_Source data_
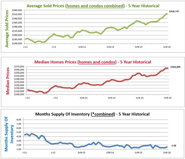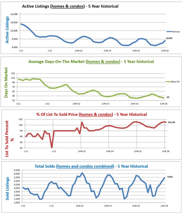 The average sale price of a single family detached home climbed to $448,804. Condos and townhomes saw price increases as well, reaching $297,930 on average, which is also four percent higher than last month, and a 14 percent year over year increase.
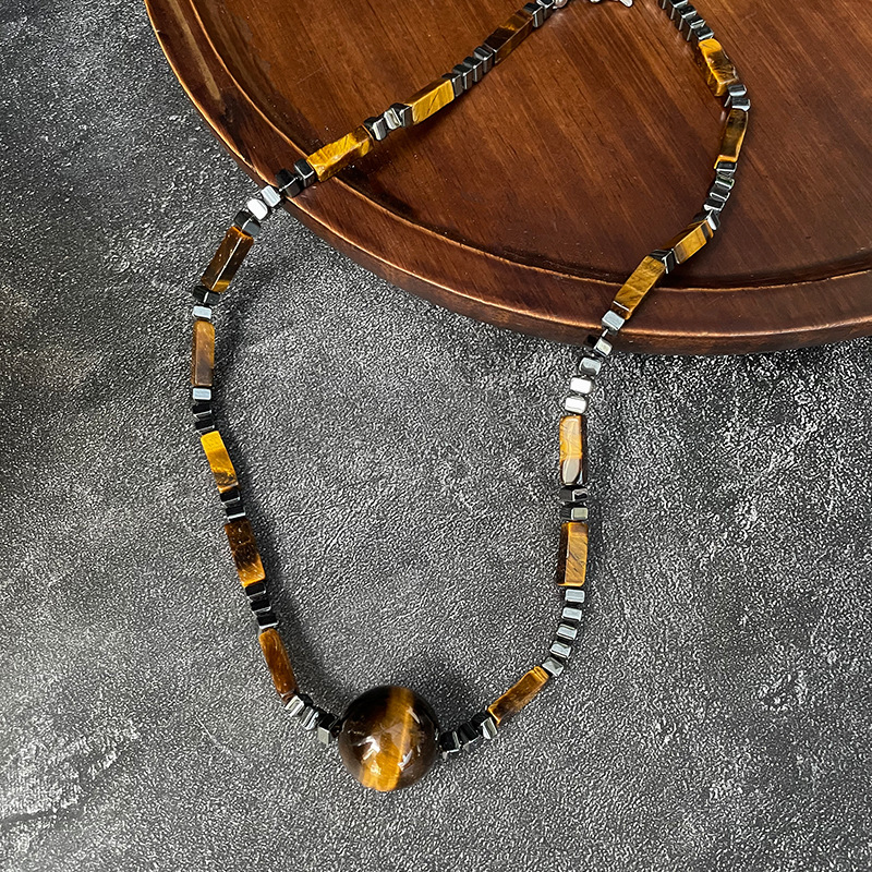 Tiger's Eye Pendant Beaded Necklace Women's Collarbone Chain Subculture Y2K Simple Personality Niche Light Luxury Accessories Necklace Chain
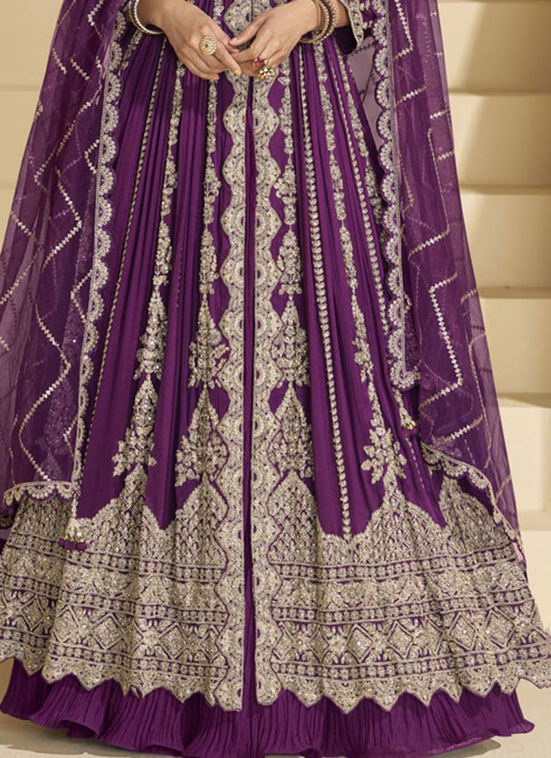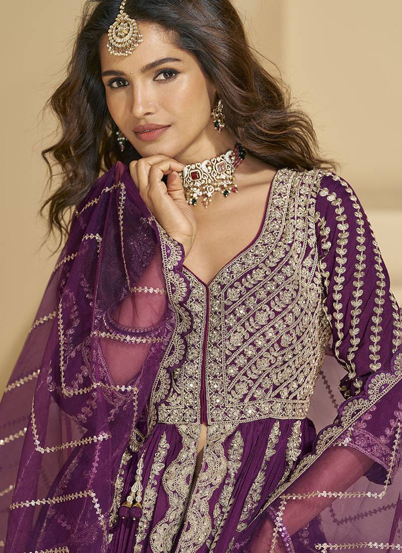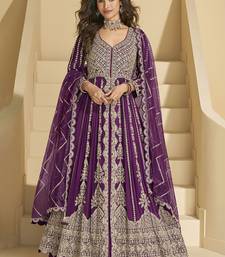 Wine embroidery codding sequence work with chinon silk anarkali suit semi stitched
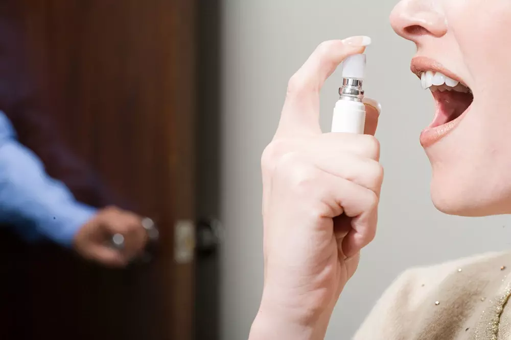 تتوفر أغلب معطرات الفم على شكل بخاخ لسهولة الاستخدام ويتم رشها داخل الفم.
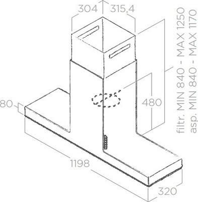 Digestor, Sací výkon min./max.: 120-720 m3/hod, Priemer výstupného otvoru: 150 mm, Hlučnosť min./max.: 35-64 dB(A)
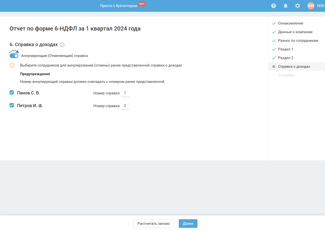 Если вы хотите подать аннулирующую (отменяющую) справку, то включите тумблер (появится, если на шаге 2 «Данные о компании» включена настройка «Ликвидация/Реорганизация» и «Корректировочный отчёт» с номером корректировки 1 и более):
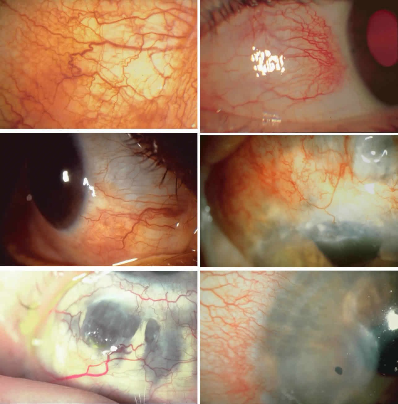 a patient has had scleritis. Corneal changes of a similar type occur in episcleritis (14%), but they are less severe, always peripheral, and never a source of permanent visual defect, whereas those of scleritis can sometimes cause a loss of vision that is severe enough to require corneal grafting. More than one type of corneal involvement may occur in the same patient, and the classification of such involvement is presented in the following list:
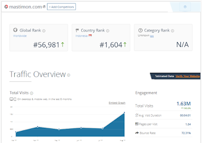 Untuk para mastah atau orang yang sudah lama bermain blog biasanya untuk mengecek statistik menggunakan Google Analytics. Tetapi menggunakan Google Analytics hanya pemilik blog yang dapat melihatny saja. Saran saya untuk melihat statistik blog orang lain anda menggunakan situs cara kedua yaitu menggunakan similarweb.com. Dengan situs tersebut anda bisa melihat statistiknya cukup lengkap. Semoga artikel ini bermanfaat untuk anda bisa melihat statistik blog orang lain untuk meningkatkan semangat menulis dan bukan untuk disalahgunakan, sekian dan terimakasih.
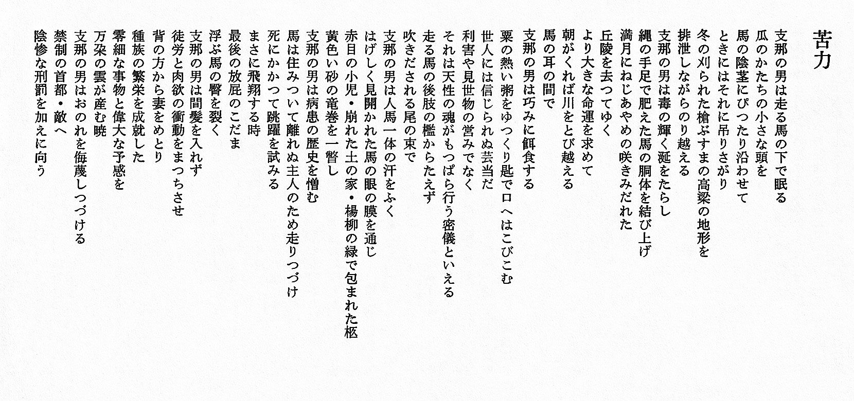 「苦力」(吉岡 実) 吉岡実 2026.01.15 詩集『僧侶』(1958年)/現代史読本「吉岡 実」 「静物」(吉岡 実) 「樹」(吉岡 実) 「卵」(吉岡 実) 「過去」(吉岡 実) 「僧侶」(吉岡 実) 「苦力」(吉岡 実) 「サフラン摘み」(吉岡 実) 「ルイス・キャロルを探す方法」(吉岡 実) 「楽園」(吉岡 実) 「晩夏」(吉岡 実)
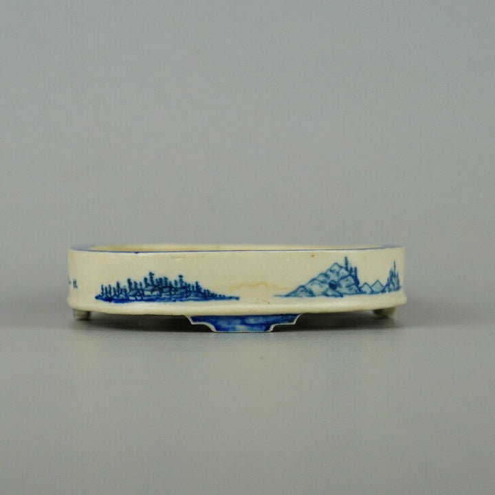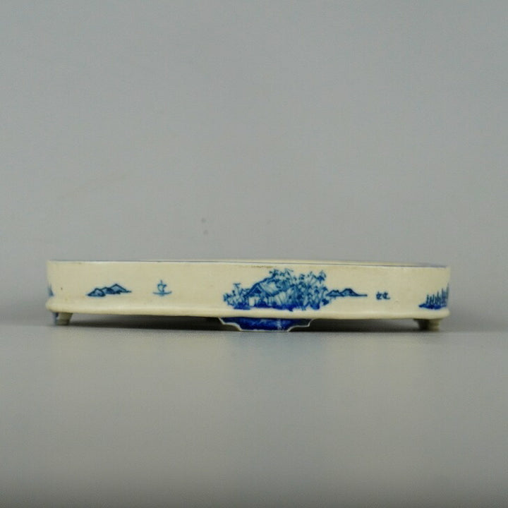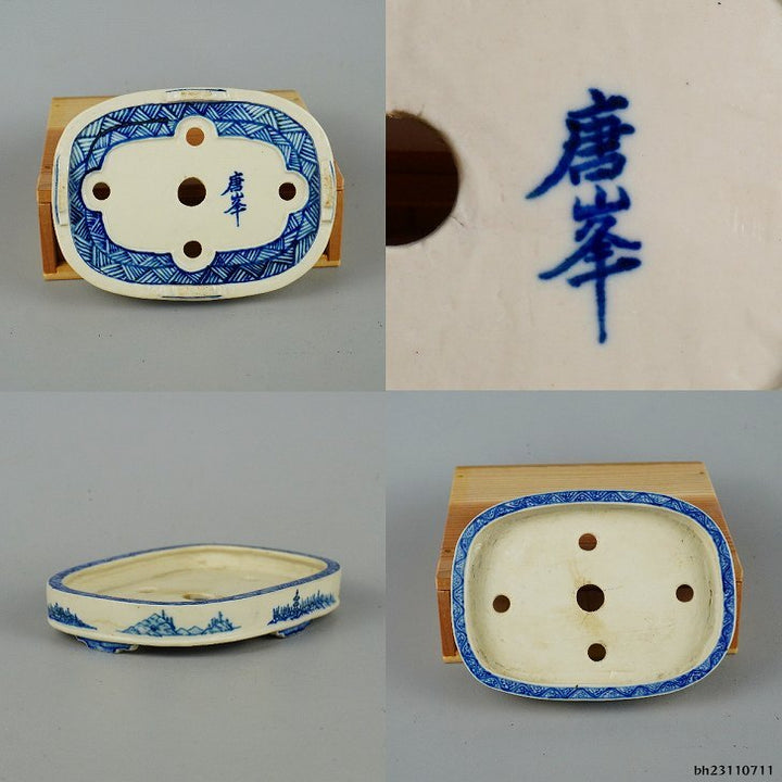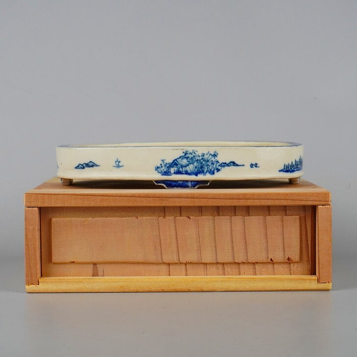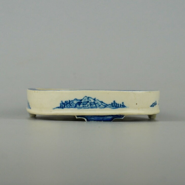 盆栽鉢 唐峯 小型 長辺 約13.8cm 楕円鉢 染付 山水図 箱付 現品 中古鉢 商 品 名唐峯 (箱付) サ イ ズ高さ 約2.3センチ...
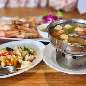 Huai Sai Kitchen is a large restaurant with lots of seats. It can accommodate many tour groups. There is a lot of parking space and many staff. The queue is very professional. Even though this restaurant has a lot of people, the food comes out quickly. Some things are slow. You have to ask, but when you follow up, you get it. Another important thing is that you don't have to order rice. It's free for every table. This restaurant's highlight is the taste. It's a Bangkokian taste. It's not as sweet as in Phetchaburi. I personally like this restaurant. It's suitable for bringing your family to eat here often.
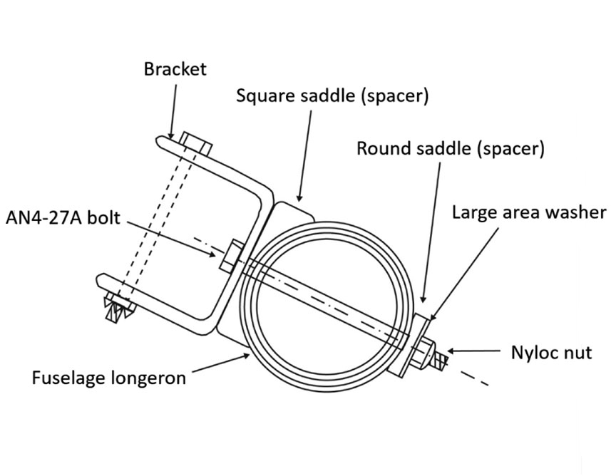 The heavy load saddle kit was developed to provide the Light Sport version of the Challenger ultralight aircraft with greater lift and performance capabilities. It is a set of 2 spacers fitted to the fuselage longeron and provides a flat surface area at the attachment point with the bracket (Figure 3).
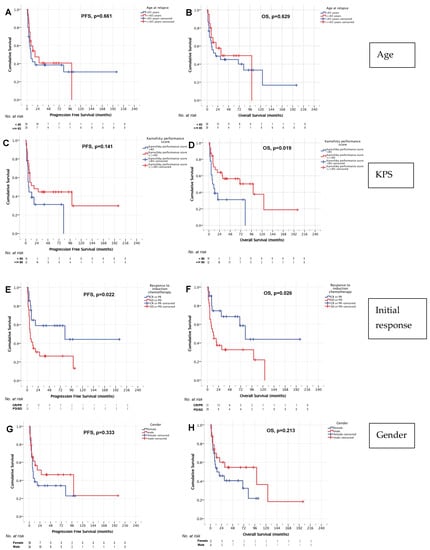 No significant difference in survival associated with gender was demonstrated in univariate analysis. Median PFS was 27 months (95% CI 0–82 months) in male patients and 8 months (95% CI 5–11 months, p = 0.333, Figure 4G) in female patients. Median OS was 100 months (95% CI 0–209 months) and 14 months (95% CI 0–36 months, p = 0.213, Figure 4H), respectively.
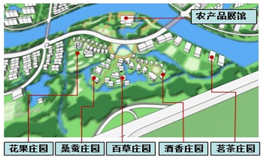 構(gòu)成:一個安康農(nóng)產(chǎn)品展覽館(列入市政工程),若干農(nóng)民企業(yè)莊園(如茗茶莊園、蠶桑莊園等)
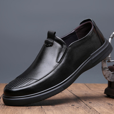 新款秋冬季皮鞋男头层牛皮软面休闲鞋中年软底套脚男鞋子真皮
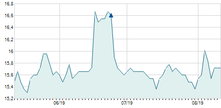 | 01/09/2017 | +0,05 / +0,32% | 15,85 | 15,85 | 15,50 | 15,75 | 15,67 | 13,17 | 108.930 |   |
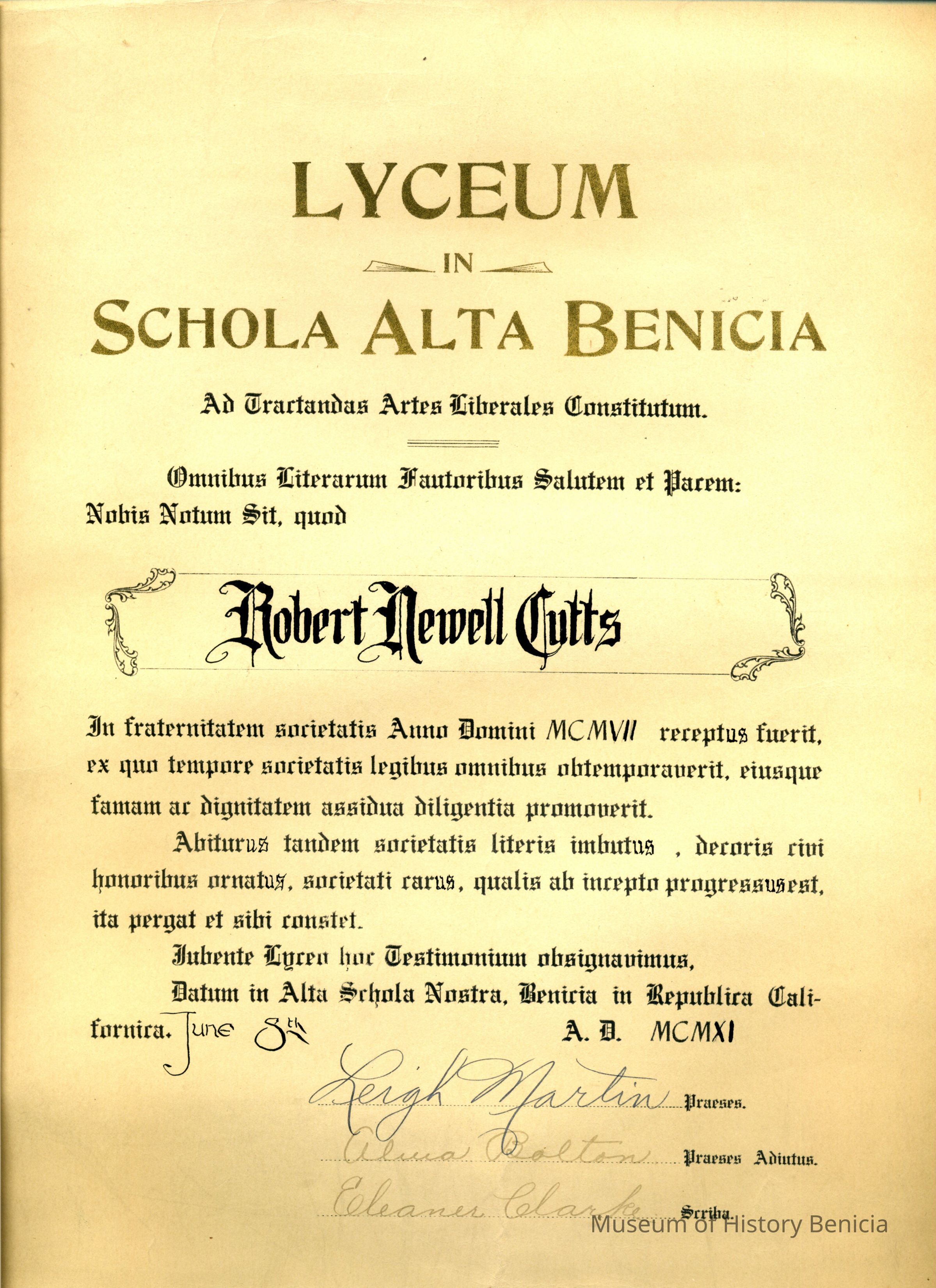 Lyceum in Schola Alta Benicia, Ad Trartan das Artes Liberales Constitutum, Omnibus Literanum ? autoribus Salutem et Darem Nobis Sit, grad. ROBERT NEWELL CUTTS June 8th MCMXI (1911)Collection

_INSTRUCTIONS TO FOLLOW_
Every line above from the one with "Wine embroidery codding" down to the one with "a patient has" must be written out exactly, and no picture may appear.

_ANSWER SPACE_
 Wine embroidery codding sequence work with chinon silk anarkali suit semi stitched
 تتوفر أغلب معطرات الفم على شكل بخاخ لسهولة الاستخدام ويتم رشها داخل الفم.
 Digestor, Sací výkon min./max.: 120-720 m3/hod, Priemer výstupného otvoru: 150 mm, Hlučnosť min./max.: 35-64 dB(A)
 Если вы хотите подать аннулирующую (отменяющую) справку, то включите тумблер (появится, если на шаге 2 «Данные о компании» включена настройка «Ликвидация/Реорганизация» и «Корректировочный отчёт» с номером корректировки 1 и более):
 a patient has had scleritis. Corneal changes of a similar type occur in episcleritis (14%), but they are less severe, always peripheral, and never a source of permanent visual defect, whereas those of scleritis can sometimes cause a loss of vision that is severe enough to require corneal grafting. More than one type of corneal involvement may occur in the same patient, and the classification of such involvement is presented in the following list:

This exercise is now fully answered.